## [Activity]
Below are records; repeat them all exactly.

Stored items:
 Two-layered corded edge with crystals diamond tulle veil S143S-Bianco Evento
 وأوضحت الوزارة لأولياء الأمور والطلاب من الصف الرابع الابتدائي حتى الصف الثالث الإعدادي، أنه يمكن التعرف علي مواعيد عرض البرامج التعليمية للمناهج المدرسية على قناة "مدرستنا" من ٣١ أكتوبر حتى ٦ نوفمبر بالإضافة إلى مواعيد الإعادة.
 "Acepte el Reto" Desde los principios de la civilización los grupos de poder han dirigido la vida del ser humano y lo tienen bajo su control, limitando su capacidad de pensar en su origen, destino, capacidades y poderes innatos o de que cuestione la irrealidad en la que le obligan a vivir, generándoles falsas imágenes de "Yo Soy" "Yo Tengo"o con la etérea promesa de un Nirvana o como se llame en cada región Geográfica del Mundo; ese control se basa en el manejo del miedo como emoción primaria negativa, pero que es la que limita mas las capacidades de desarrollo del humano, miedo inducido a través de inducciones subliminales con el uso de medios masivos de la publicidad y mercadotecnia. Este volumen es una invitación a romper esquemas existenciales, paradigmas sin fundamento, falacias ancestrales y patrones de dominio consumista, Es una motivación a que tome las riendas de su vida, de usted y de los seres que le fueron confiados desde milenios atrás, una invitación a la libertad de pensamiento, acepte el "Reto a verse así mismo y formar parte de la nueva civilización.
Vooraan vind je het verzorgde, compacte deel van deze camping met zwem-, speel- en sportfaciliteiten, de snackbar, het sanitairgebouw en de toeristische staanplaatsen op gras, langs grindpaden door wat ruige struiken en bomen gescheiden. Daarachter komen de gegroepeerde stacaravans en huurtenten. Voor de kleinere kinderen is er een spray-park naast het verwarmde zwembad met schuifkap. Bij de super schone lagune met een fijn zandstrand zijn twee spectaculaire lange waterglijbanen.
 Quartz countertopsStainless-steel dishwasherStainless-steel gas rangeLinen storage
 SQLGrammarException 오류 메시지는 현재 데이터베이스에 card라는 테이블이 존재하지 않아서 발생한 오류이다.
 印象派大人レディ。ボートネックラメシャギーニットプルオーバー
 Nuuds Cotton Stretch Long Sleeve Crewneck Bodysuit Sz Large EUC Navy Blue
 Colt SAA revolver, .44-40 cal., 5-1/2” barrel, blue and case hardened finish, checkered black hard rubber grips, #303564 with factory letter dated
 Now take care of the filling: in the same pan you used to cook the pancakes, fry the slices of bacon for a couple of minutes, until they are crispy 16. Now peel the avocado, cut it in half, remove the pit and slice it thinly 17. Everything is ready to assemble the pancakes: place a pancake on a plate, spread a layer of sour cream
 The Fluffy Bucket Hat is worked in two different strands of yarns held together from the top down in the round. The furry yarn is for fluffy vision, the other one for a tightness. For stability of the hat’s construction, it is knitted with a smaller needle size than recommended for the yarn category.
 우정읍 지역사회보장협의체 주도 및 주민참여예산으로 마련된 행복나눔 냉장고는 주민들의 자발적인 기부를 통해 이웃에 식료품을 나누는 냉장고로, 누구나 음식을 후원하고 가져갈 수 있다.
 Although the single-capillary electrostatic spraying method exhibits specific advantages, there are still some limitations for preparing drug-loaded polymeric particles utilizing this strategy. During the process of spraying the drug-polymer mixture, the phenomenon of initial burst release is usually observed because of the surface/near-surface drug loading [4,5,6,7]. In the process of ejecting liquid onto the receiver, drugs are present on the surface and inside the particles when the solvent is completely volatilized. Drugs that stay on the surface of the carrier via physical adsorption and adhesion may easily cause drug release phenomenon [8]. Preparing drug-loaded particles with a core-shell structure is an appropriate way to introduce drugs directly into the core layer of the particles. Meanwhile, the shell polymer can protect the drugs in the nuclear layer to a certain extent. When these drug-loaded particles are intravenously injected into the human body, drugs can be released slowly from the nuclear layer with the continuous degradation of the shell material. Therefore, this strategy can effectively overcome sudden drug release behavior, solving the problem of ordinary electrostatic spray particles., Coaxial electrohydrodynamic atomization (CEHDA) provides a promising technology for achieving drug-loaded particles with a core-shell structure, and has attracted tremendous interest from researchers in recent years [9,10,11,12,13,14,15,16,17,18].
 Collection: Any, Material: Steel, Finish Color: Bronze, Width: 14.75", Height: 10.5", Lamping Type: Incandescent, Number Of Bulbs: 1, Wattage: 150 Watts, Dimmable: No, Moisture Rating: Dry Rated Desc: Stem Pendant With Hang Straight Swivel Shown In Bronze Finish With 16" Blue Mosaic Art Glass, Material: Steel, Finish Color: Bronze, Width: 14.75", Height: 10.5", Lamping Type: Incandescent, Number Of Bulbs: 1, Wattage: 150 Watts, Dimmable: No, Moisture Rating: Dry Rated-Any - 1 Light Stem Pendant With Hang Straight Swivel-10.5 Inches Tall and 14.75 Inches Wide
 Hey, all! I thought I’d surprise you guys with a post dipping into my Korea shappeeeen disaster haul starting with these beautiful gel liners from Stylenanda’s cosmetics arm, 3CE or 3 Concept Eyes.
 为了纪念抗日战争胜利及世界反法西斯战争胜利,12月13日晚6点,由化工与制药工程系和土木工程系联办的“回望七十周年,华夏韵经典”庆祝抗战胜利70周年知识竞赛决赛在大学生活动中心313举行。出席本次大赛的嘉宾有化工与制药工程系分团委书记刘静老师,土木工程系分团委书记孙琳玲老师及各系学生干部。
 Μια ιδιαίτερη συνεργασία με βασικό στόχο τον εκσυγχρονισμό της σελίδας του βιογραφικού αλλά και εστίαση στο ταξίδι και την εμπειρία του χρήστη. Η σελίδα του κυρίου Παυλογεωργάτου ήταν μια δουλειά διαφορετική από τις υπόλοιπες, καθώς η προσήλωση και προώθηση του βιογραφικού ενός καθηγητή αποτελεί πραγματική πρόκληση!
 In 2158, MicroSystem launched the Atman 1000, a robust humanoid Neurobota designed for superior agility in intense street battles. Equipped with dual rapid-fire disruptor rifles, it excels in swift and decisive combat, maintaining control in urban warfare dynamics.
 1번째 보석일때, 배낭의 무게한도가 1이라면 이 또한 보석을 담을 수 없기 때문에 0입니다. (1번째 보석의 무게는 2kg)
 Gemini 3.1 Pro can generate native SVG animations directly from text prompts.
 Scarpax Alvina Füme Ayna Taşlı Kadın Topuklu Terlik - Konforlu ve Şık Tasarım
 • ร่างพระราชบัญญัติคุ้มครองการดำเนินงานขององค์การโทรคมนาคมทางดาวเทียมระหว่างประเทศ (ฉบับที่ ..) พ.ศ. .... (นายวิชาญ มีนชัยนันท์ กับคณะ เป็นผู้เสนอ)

## [Task answer]
 Two-layered corded edge with crystals diamond tulle veil S143S-Bianco Evento
 وأوضحت الوزارة لأولياء الأمور والطلاب من الصف الرابع الابتدائي حتى الصف الثالث الإعدادي، أنه يمكن التعرف علي مواعيد عرض البرامج التعليمية للمناهج المدرسية على قناة "مدرستنا" من ٣١ أكتوبر حتى ٦ نوفمبر بالإضافة إلى مواعيد الإعادة.
 "Acepte el Reto" Desde los principios de la civilización los grupos de poder han dirigido la vida del ser humano y lo tienen bajo su control, limitando su capacidad de pensar en su origen, destino, capacidades y poderes innatos o de que cuestione la irrealidad en la que le obligan a vivir, generándoles falsas imágenes de "Yo Soy" "Yo Tengo"o con la etérea promesa de un Nirvana o como se llame en cada región Geográfica del Mundo; ese control se basa en el manejo del miedo como emoción primaria negativa, pero que es la que limita mas las capacidades de desarrollo del humano, miedo inducido a través de inducciones subliminales con el uso de medios masivos de la publicidad y mercadotecnia. Este volumen es una invitación a romper esquemas existenciales, paradigmas sin fundamento, falacias ancestrales y patrones de dominio consumista, Es una motivación a que tome las riendas de su vida, de usted y de los seres que le fueron confiados desde milenios atrás, una invitación a la libertad de pensamiento, acepte el "Reto a verse así mismo y formar parte de la nueva civilización.
Vooraan vind je het verzorgde, compacte deel van deze camping met zwem-, speel- en sportfaciliteiten, de snackbar, het sanitairgebouw en de toeristische staanplaatsen op gras, langs grindpaden door wat ruige struiken en bomen gescheiden. Daarachter komen de gegroepeerde stacaravans en huurtenten. Voor de kleinere kinderen is er een spray-park naast het verwarmde zwembad met schuifkap. Bij de super schone lagune met een fijn zandstrand zijn twee spectaculaire lange waterglijbanen.
 Quartz countertopsStainless-steel dishwasherStainless-steel gas rangeLinen storage
 SQLGrammarException 오류 메시지는 현재 데이터베이스에 card라는 테이블이 존재하지 않아서 발생한 오류이다.
 印象派大人レディ。ボートネックラメシャギーニットプルオーバー
 Nuuds Cotton Stretch Long Sleeve Crewneck Bodysuit Sz Large EUC Navy Blue
 Colt SAA revolver, .44-40 cal., 5-1/2” barrel, blue and case hardened finish, checkered black hard rubber grips, #303564 with factory letter dated
 Now take care of the filling: in the same pan you used to cook the pancakes, fry the slices of bacon for a couple of minutes, until they are crispy 16. Now peel the avocado, cut it in half, remove the pit and slice it thinly 17. Everything is ready to assemble the pancakes: place a pancake on a plate, spread a layer of sour cream
 The Fluffy Bucket Hat is worked in two different strands of yarns held together from the top down in the round. The furry yarn is for fluffy vision, the other one for a tightness. For stability of the hat’s construction, it is knitted with a smaller needle size than recommended for the yarn category.
 우정읍 지역사회보장협의체 주도 및 주민참여예산으로 마련된 행복나눔 냉장고는 주민들의 자발적인 기부를 통해 이웃에 식료품을 나누는 냉장고로, 누구나 음식을 후원하고 가져갈 수 있다.
 Although the single-capillary electrostatic spraying method exhibits specific advantages, there are still some limitations for preparing drug-loaded polymeric particles utilizing this strategy. During the process of spraying the drug-polymer mixture, the phenomenon of initial burst release is usually observed because of the surface/near-surface drug loading [4,5,6,7]. In the process of ejecting liquid onto the receiver, drugs are present on the surface and inside the particles when the solvent is completely volatilized. Drugs that stay on the surface of the carrier via physical adsorption and adhesion may easily cause drug release phenomenon [8]. Preparing drug-loaded particles with a core-shell structure is an appropriate way to introduce drugs directly into the core layer of the particles. Meanwhile, the shell polymer can protect the drugs in the nuclear layer to a certain extent. When these drug-loaded particles are intravenously injected into the human body, drugs can be released slowly from the nuclear layer with the continuous degradation of the shell material. Therefore, this strategy can effectively overcome sudden drug release behavior, solving the problem of ordinary electrostatic spray particles., Coaxial electrohydrodynamic atomization (CEHDA) provides a promising technology for achieving drug-loaded particles with a core-shell structure, and has attracted tremendous interest from researchers in recent years [9,10,11,12,13,14,15,16,17,18].
 Collection: Any, Material: Steel, Finish Color: Bronze, Width: 14.75", Height: 10.5", Lamping Type: Incandescent, Number Of Bulbs: 1, Wattage: 150 Watts, Dimmable: No, Moisture Rating: Dry Rated Desc: Stem Pendant With Hang Straight Swivel Shown In Bronze Finish With 16" Blue Mosaic Art Glass, Material: Steel, Finish Color: Bronze, Width: 14.75", Height: 10.5", Lamping Type: Incandescent, Number Of Bulbs: 1, Wattage: 150 Watts, Dimmable: No, Moisture Rating: Dry Rated-Any - 1 Light Stem Pendant With Hang Straight Swivel-10.5 Inches Tall and 14.75 Inches Wide
 Hey, all! I thought I’d surprise you guys with a post dipping into my Korea shappeeeen disaster haul starting with these beautiful gel liners from Stylenanda’s cosmetics arm, 3CE or 3 Concept Eyes.
 为了纪念抗日战争胜利及世界反法西斯战争胜利,12月13日晚6点,由化工与制药工程系和土木工程系联办的“回望七十周年,华夏韵经典”庆祝抗战胜利70周年知识竞赛决赛在大学生活动中心313举行。出席本次大赛的嘉宾有化工与制药工程系分团委书记刘静老师,土木工程系分团委书记孙琳玲老师及各系学生干部。
 Μια ιδιαίτερη συνεργασία με βασικό στόχο τον εκσυγχρονισμό της σελίδας του βιογραφικού αλλά και εστίαση στο ταξίδι και την εμπειρία του χρήστη. Η σελίδα του κυρίου Παυλογεωργάτου ήταν μια δουλειά διαφορετική από τις υπόλοιπες, καθώς η προσήλωση και προώθηση του βιογραφικού ενός καθηγητή αποτελεί πραγματική πρόκληση!
 In 2158, MicroSystem launched the Atman 1000, a robust humanoid Neurobota designed for superior agility in intense street battles. Equipped with dual rapid-fire disruptor rifles, it excels in swift and decisive combat, maintaining control in urban warfare dynamics.
 1번째 보석일때, 배낭의 무게한도가 1이라면 이 또한 보석을 담을 수 없기 때문에 0입니다. (1번째 보석의 무게는 2kg)
 Gemini 3.1 Pro can generate native SVG animations directly from text prompts.
 Scarpax Alvina Füme Ayna Taşlı Kadın Topuklu Terlik - Konforlu ve Şık Tasarım
 • ร่างพระราชบัญญัติคุ้มครองการดำเนินงานขององค์การโทรคมนาคมทางดาวเทียมระหว่างประเทศ (ฉบับที่ ..) พ.ศ. .... (นายวิชาญ มีนชัยนันท์ กับคณะ เป็นผู้เสนอ)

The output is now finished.